» Exercise details
All lines from the opening of the material up to and including the line with "Info & Care" should be transcribed exactly, pictures excepted.

» Dataset content
*** Block opens ***
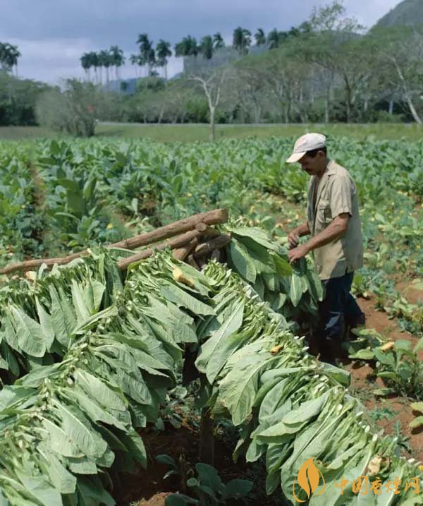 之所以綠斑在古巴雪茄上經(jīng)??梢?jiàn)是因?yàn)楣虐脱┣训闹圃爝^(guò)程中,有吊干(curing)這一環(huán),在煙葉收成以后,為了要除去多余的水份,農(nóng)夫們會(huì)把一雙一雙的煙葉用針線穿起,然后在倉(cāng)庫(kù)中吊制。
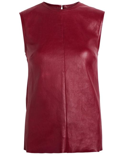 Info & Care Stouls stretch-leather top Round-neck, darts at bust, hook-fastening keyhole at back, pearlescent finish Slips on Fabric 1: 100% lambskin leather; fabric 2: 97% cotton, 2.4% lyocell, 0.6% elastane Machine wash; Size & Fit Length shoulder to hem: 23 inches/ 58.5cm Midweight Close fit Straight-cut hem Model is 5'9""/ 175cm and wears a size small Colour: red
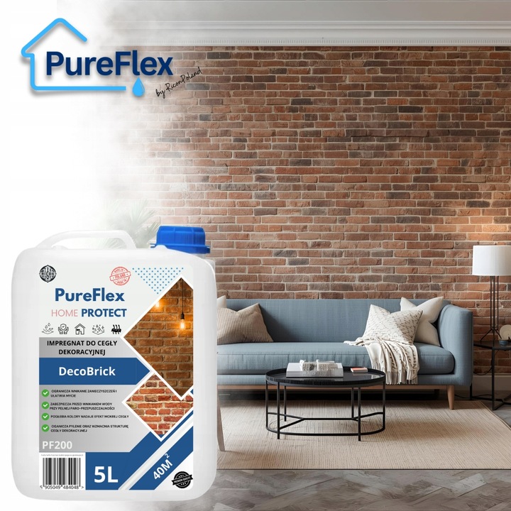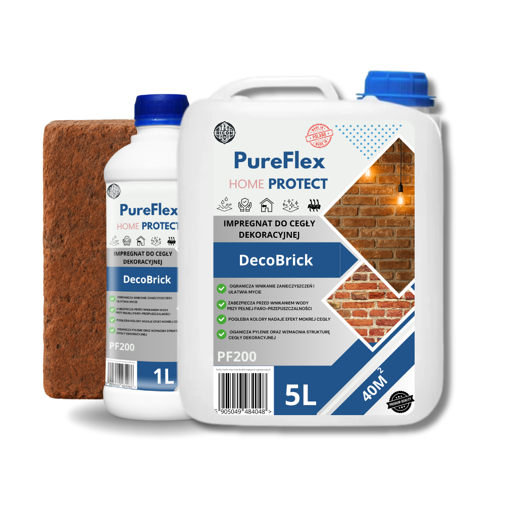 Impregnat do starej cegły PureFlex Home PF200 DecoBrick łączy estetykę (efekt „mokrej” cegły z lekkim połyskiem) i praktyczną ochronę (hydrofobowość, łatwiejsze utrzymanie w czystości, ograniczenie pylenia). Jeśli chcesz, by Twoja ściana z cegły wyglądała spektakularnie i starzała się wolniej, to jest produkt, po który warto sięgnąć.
*** Block closes ***
» Exercise solution
 之所以綠斑在古巴雪茄上經(jīng)??梢?jiàn)是因?yàn)楣虐脱┣训闹圃爝^(guò)程中,有吊干(curing)這一環(huán),在煙葉收成以后,為了要除去多余的水份,農(nóng)夫們會(huì)把一雙一雙的煙葉用針線穿起,然后在倉(cāng)庫(kù)中吊制。
 Info & Care Stouls stretch-leather top Round-neck, darts at bust, hook-fastening keyhole at back, pearlescent finish Slips on Fabric 1: 100% lambskin leather; fabric 2: 97% cotton, 2.4% lyocell, 0.6% elastane Machine wash; Size & Fit Length shoulder to hem: 23 inches/ 58.5cm Midweight Close fit Straight-cut hem Model is 5'9""/ 175cm and wears a size small Colour: red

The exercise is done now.